A teacher in a designated low-income elementary or secondary school who is employed by an educational service agency may qualify for a teacher cancellation. In addition, a teacher in a designated low-income elementary school, secondary school, or location operated by an educational service agency may qualify for a teacher cancellation.
Teaching in special education
A person who provides one of the following services does not qualify
as a teacher unless (1) that person is licensed, certified, or
registered by the appropriate state education agency for that area
in which he or she is providing related special educational services
and (2) the services provided by the individual are part of the
educational curriculum for handicapped children:
Teaching in a field of expertise
(shortage area)
For a borrower to be considered as teaching in a field of expertise
that has been identified by a state education agency to have a
shortage of teachers, the majority of classes taught must be in that
field of expertise.
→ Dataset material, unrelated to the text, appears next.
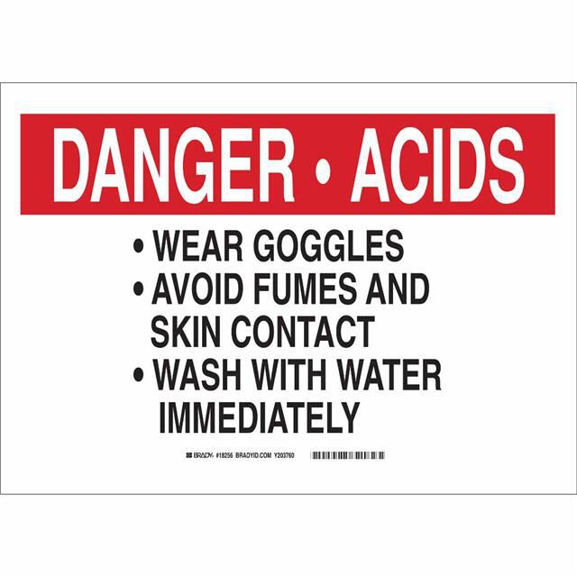 This is manufactured by Brady Corporation. The manufacturer part number is 18256. Label with a size of 14.00" l x 10.00" w (355.6mm x 254.0mm). The product is rohs3 compliant. It is assigned with possible HTSUS value of 3926.90.9985. It is shipped in bulk. It has a classic black and red legend, white background colour. The product brady®, is a highly preferred choice for users. The product is made from highly stable and reliable polyester. In addition, it is reach unaffected. Its typical moisture sensitivity level is not applicable. A bespoke label is a danger acids. wear goggles avoid fumes and skin contact wash with water immediately label. The product is suitable for use with danger. It has a long 4 weeks standard lead time. The product is designated with the ear99 code number

A borrower who is teaching in science,
mathematics, foreign language, or bilingual education qualifies for
cancellation even if the State has not designated the subject area
in which he or she is teaching as a shortage area.
Early Intervention Cancellation
A cancellation based on a borrower who has been employed full time
as a qualified professional provider of early intervention services
in a public or other nonprofit program under public supervision.
Law Enforcement or Corrections
Officer Cancellation
A cancellation based on a borrower who has served full time as a
qualifying law enforcement or corrections officer.
To establish the eligibility of a borrower for the law enforcement or corrections officer cancellation provision, the school must determine that (1) the borrower’s employing agency is eligible and that (2) the borrower’s position is essential to the agency’s primary mission.
Agencies that are primarily responsible for enforcement of civil, regulatory, or administrative laws are ineligible. However, in recognition of the fact that the activities of many divisions and bureaus within local, state, and federal agencies pertain to crime prevention, control, or reduction, or to the enforcement of criminal law, the Department has determined that a sub-unit within a larger, non-law enforcement agency may qualify as a law enforcement agency for purposes of a law enforcement cancellation.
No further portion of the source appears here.